We have created time throughout the week for students to interact, via virtual office hours, discussion boards, Zoom meetings, and more. This gives our teachers insight into how their students are thinking, and gives them insight to keep their material directed toward the lives of real people. We also encourage all participants, teachers, and students to respond in a timely manner, because it demonstrates a value of relationship.
- Become more visible: However much you might disdain social media, this is the way we are connecting during this season. Post regularly on social media (use a variety of platforms: Instagram, Zoom, Marco Polo, and TikTok).
- Engage: Respond in the comments. Send out emails, and don’t make people wait for days for a response. You may even want to consider handwritten notes (while antiquated it can still be a means of engaging).
- Create space for relationships: Give some time before and after a streaming service to allow people to comment and engage.
- Allow people to see your humanity: Not all of your posts need to be serious, or Bible verses. Post snapshots from your daily life. Allow people to connect with your humanity. Pictures, experiences, doubts, and uncertainties level the playing field and make you accessible.
3. Be Creative
Throughout history, the church has benefited from incredible acts of creativity.
Praise God for the printing press, the microphone, the amplifier, and more. These acts of creativity have helped us communicate truth more effectively. As difficult as this transition has been for many, it’s also an opportunity to innovate and try new things. Who knows—this experience might actually affect how you teach in person or plan your services when we start gathering in person again.
Also, remember that you’re going to need the giftedness of others.

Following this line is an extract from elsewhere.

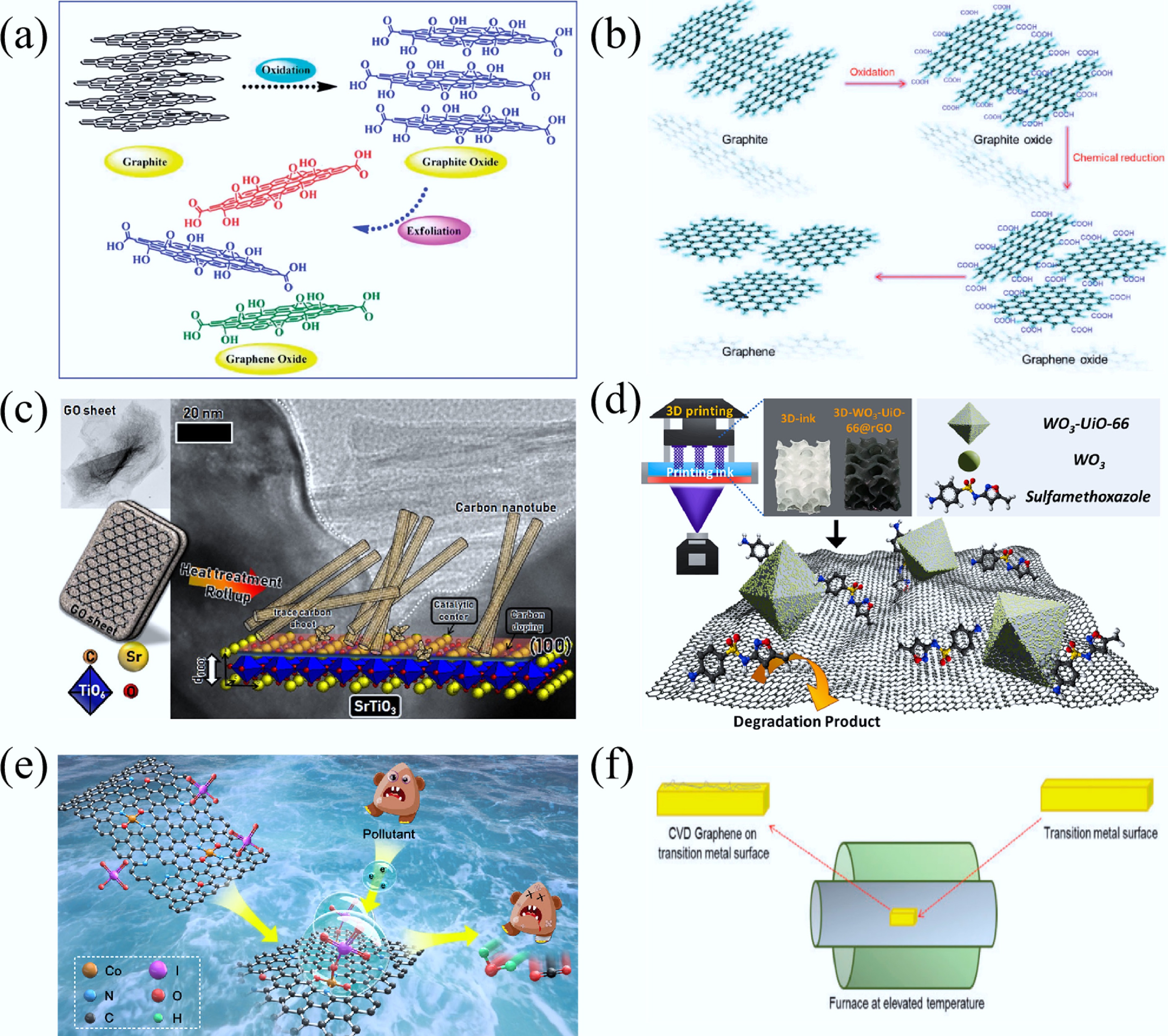 Graphene prepared by the three exfoliation methods shows different structural and performance features. Mechanically exfoliated graphene has fewer pores, excellent conductivity (retaining its pristine sp2 structure), and superior optical properties from layer-dependent absorption, but lacks surface functionality. Chemically exfoliated graphene forms pores via sheet restacking, experiences significant conductivity loss due to oxidative defects, exhibits tunable optical transitions, and contains abundant surface O groups. In contrast, electrochemically exfoliated graphene exhibits moderate conductivity and porosity, fewer surface O groups, and retains decent optical absorption. For environmental remediation, chemical exfoliation outstrips mechanical exfoliation (inert surfaces) owing to rich O groups and porosity, while electrochemical exfoliation balances adsorption capacity and stability. For catalysis, mechanically exfoliated graphene with pristine basal planes excels in HER, while chemically/electrochemically exfoliated graphene, with defect-mediated activity, performs better in CO2RR/ORR/OER. Owing to aqueous processing, moderate yield, low chemical usage, and energy efficiency, electrochemical exfoliation outperforms the other two in scalability and sustainability. Overall, while superior to carbonization/templating in targeted graphene synthesis, these methods face inherent efficiency-performance tradeoffs.

I’m sure many of you have dramatically increased your amount of interaction with your media/video team and whoever manages your website. But this time might also give you the chance to embrace teaching gifts that might ordinarily go unnoticed.
One thing I’ve found is that effective online teachers aren’t necessarily the same people as effective in-person teachers. Some of our most effective online teachers would struggle in front of a live audience, but they have a depth of insight that elevates their online teaching, or a relational gift that comes to life in the discussion boards of our classes. You might find that God has placed people like this in your church, so be creative and equip these workers to build up the body with you.

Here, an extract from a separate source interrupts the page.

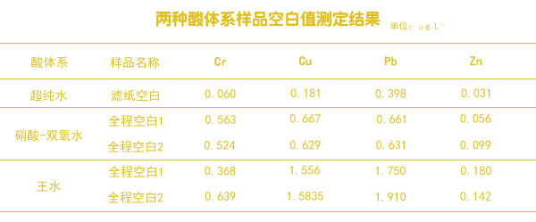 釆用硝酸-雙氧水和王水消解土壤和底泥樣品,由于沒有加氫氟酸飛硅的步驟,因此消解液中留有殘渣,用中性濾紙過濾后定容,因此濾紙空白值的大小直接影響方法檢岀限和測定結(jié)果。本研究對兩種體系均進行了空白值實驗,表(兩種酸體系樣品空白值測定結(jié)果)中的結(jié)果表明該前處理體系試劑空白低,可以適用于浸提。

- Interactive Teaching: Include a time of reflection/conversation during teaching. It might help anchor a teaching point if there is some space to process what’s being communicated.

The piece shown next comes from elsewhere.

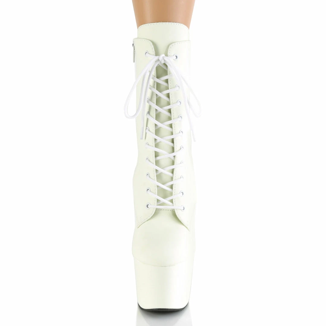 7″ (17.8cm) heel, 2 3/4″ (7cm) Platform lace-up ankle boot featuring glow in the dark upper and platform bottom.

- Include a Q&A time: Create space for interaction and discussion. Host a Q&A session or other avenues of responsive teaching.
- Take a chance: Don’t be afraid to try something new. Disruption is a natural time to innovate. People will extend grace, because they recognize that we’re all trying to figure it out.
Shepherding and Edifying (From a Distance)
Remember, this isn’t the first time people have shepherded from a distance. Paul provides a great model for us in his letters. Even though he was at a great distance, he was clearly committed to both a relational foundation for instruction and also learning that produced transformation and action.
Even though he was at a great distance, Paul was clearly committed to both a relational foundation for instruction and also learning that produced transformation and action.
We should strive to emulate Paul in these two commitments as we shepherd from a distance. Paul did not hesitate to preach when provided the opportunity, but he also recognized other means of communication that edify the body. Paul used the platforms of communication available to him; yes, I think he would use FaceTime or Zoom or Instagram if he were alive today.
These are indeed trying times, so I hope this perspective encourages you. You’re not alone in this endeavor. You’re surrounded by many who are working through the same challenges as you. We’re all being asked to “build the plane in the air,” but this can also be an incredible time for teaching and discipleship in your church.